Source data

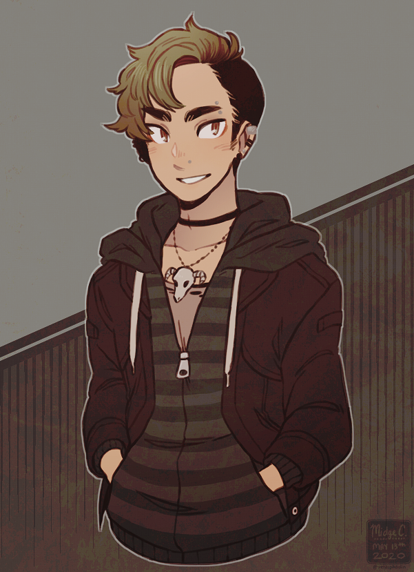 Personality: Twigg tends to be very observant and lets facts speak for themselves. He likes cracking -terrible- jokes and play on words to try and get one laugh. They have seen a lot of gore and death in their life and, honestly, its not going to bother them any more. They has a very strong sense of loyalty to the only friends they admits to having - the band. He does not scare easily. He can get very distant but he tries his best to keep being extraverted like he normally is. They can become flirtatious and gregarious when left unattended for too long.
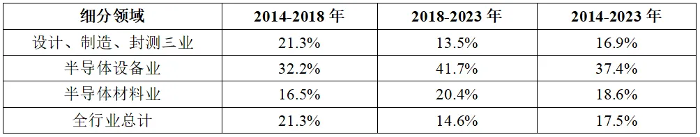 表3 2014-2023年我國集成電路支撐業銷售收入增速變化情況
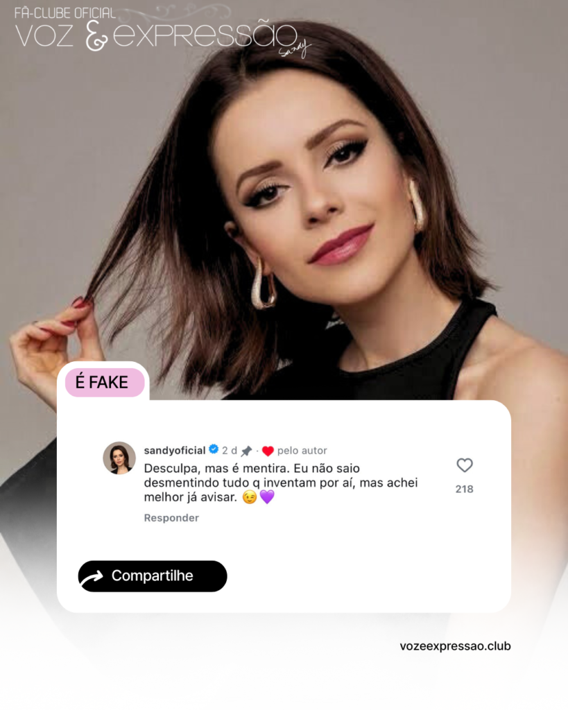 Recentemente, uma página de fãs publicou uma postagem afirmando que Sandy estaria envolvida na nova novela das 7 da Rede Globo, intitulada “Acelera Coração”. No entanto, a artista, desmentiu tais informações por meio de uma resposta a um post no insagram, esclarecendo que não há qualquer confirmação ou participação sua no projeto. A informação havia sido divulgada pelo jornalista Gabriel Vaquer.
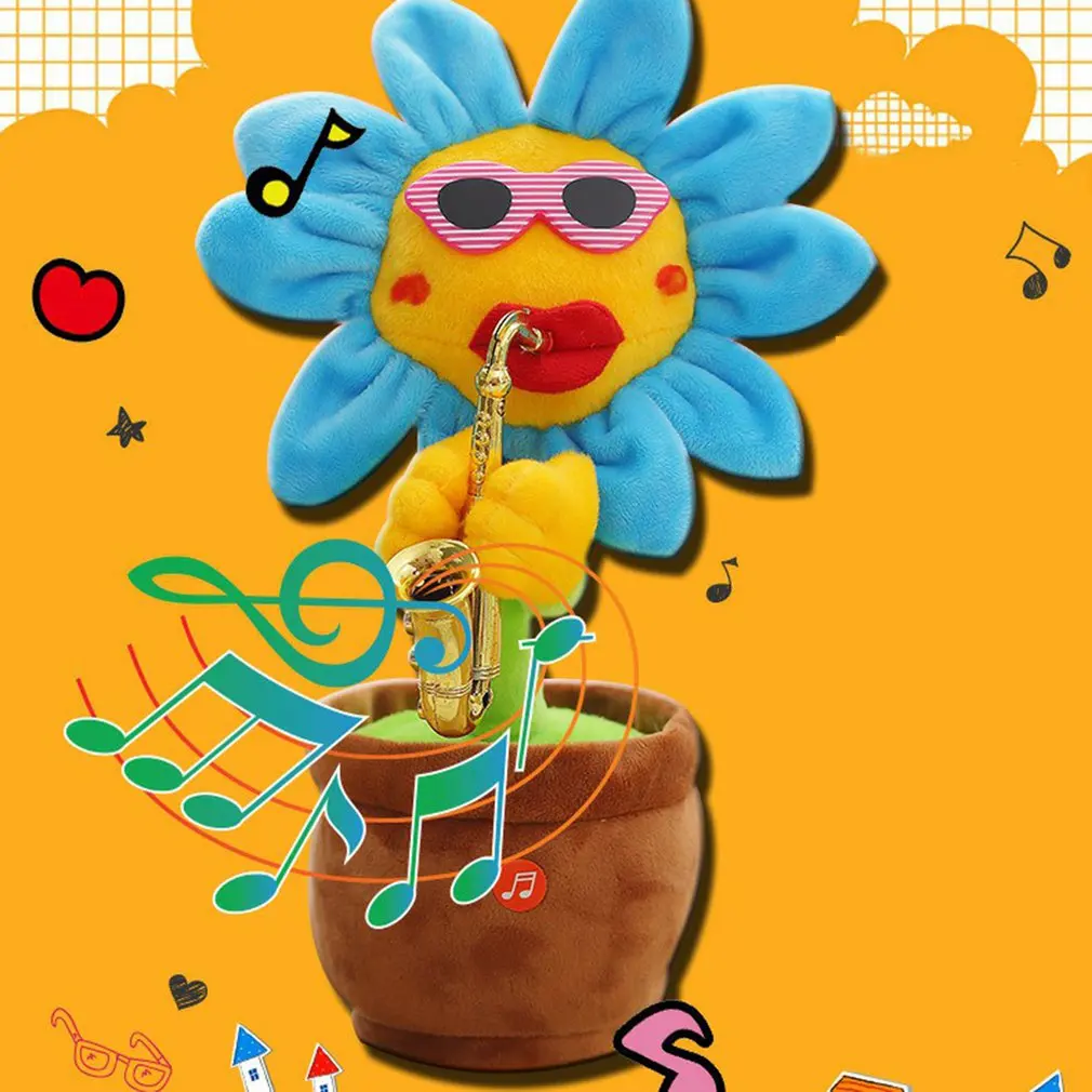 Электрические игрушки, поющие и танцующие цветы, саксофон, Подсолнухи, сетка, знаменитости, Забавная детская игрушка для девочек, полностью заполненный полипропилен, хлопок
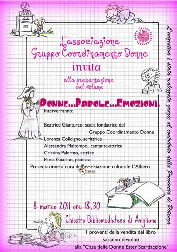 ASSOCIAZIONE GRUPPO COORDINAMENTO DONNE PRESENTA IL LIBRO DONNE...PAROLE...EMOZIONI |

**Directions:** Exclude the pictures and repeat the entries word for word.

**Response area:**
 Personality: Twigg tends to be very observant and lets facts speak for themselves. He likes cracking -terrible- jokes and play on words to try and get one laugh. They have seen a lot of gore and death in their life and, honestly, its not going to bother them any more. They has a very strong sense of loyalty to the only friends they admits to having - the band. He does not scare easily. He can get very distant but he tries his best to keep being extraverted like he normally is. They can become flirtatious and gregarious when left unattended for too long.
 表3 2014-2023年我國集成電路支撐業銷售收入增速變化情況
 Recentemente, uma página de fãs publicou uma postagem afirmando que Sandy estaria envolvida na nova novela das 7 da Rede Globo, intitulada “Acelera Coração”. No entanto, a artista, desmentiu tais informações por meio de uma resposta a um post no insagram, esclarecendo que não há qualquer confirmação ou participação sua no projeto. A informação havia sido divulgada pelo jornalista Gabriel Vaquer.
 Электрические игрушки, поющие и танцующие цветы, саксофон, Подсолнухи, сетка, знаменитости, Забавная детская игрушка для девочек, полностью заполненный полипропилен, хлопок
 ASSOCIAZIONE GRUPPO COORDINAMENTO DONNE PRESENTA IL LIBRO DONNE...PAROLE...EMOZIONI |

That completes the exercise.